Mary Harney paint protest and Two-Jabs Prescott egging - Different responses.

I don’t watch Top Gear that often these days. It used to be about cars but now it’s all about the burgeoning egos of Messrs Clarkson, Hammond and May.  

I looked at it last Sunday, however, as it included a feature on the old Porsche 959, and I quite like Porsches – though Clarkson disparagingly refers to them as arsed-ended Hitler-mobiles. For the record, they aren’t all arse-engined; the Boxster has its engine amidships and the Cayenne… well the Cayenne is just a jumped-up Volkswagen Touareg and doesn't count.
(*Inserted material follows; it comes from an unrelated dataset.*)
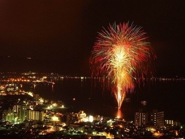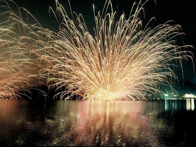 1949(昭和24)年、終戦後の混乱が続くなか、市民が明るい希望を持ち一日も早く立ち直ることを願って始められた花火大会。信州はもちろん、全国でも屈指の規模を誇っている。この大会の見どころは、諏訪湖ならではの轟きと煌めき。特に水上スターマインは水面ぎりぎりで披露されるため水上に半円の花が咲いたようになる。湖面が鏡の役割をし、映し出された半円の花火とつながり、まるで一つの円のように見える。

Anyway, “what’s this got to do with Irish politics?”  you may ask. Well a bit, actually. You see Clarkson had a certain John Prescott on as the Star in a Reasonably Priced Car. Prescott, an Old Labour stalwart, was previously known as Two-Jags Prescott, as he once owned two Jaguars.

Then, a few years back, his nickname changed to Two-Jabs Prescott.  Why?  Well, in 2001 a man with a mullet pelted Prescott with an egg as he stepped off his election campaign bus in Wales.  Prescott, presumably in the heat of the moment, hit out at the man who launched the missile, a farm worker named Craig Evans. There was an unseemly scuffle between the two and the protester was arrested.

In the end, it all blew over. No charges were pressed against Evans for splattering Prescott with egg yolk and no charges were made against Prescott for his rather puny pugilistic performance. And that’s how it should have been. The incident even makes a humorous advert now (see video below).

Contrast that with Mary Harney, who saw the protester who hurled red paint  at her last year in court. The demonstrator, from Republican sect Eirigi, threw the paint at Harney in protest at her record in charge of the health service. The court found her guilty of assault and imposed a two-month suspended sentence and fined her €1,500.

Now, I don’t know if Mary Harney actually pressed charges, or if the police just took it upon themselves to do so - but either way, they should have had more sense. All the more so, in view of the fact that people have actually died unnecessarily while waiting for treatment, scans, or colonoscopies in our awful public health system – Susie Long being the most high profile example.

Getting hit with a bit of paint is not such a big deal, and something any politician should be able to rise above.  

And is there not something inherently self-defeating, from an establishment perspective,  in giving the protesters another day in the national news?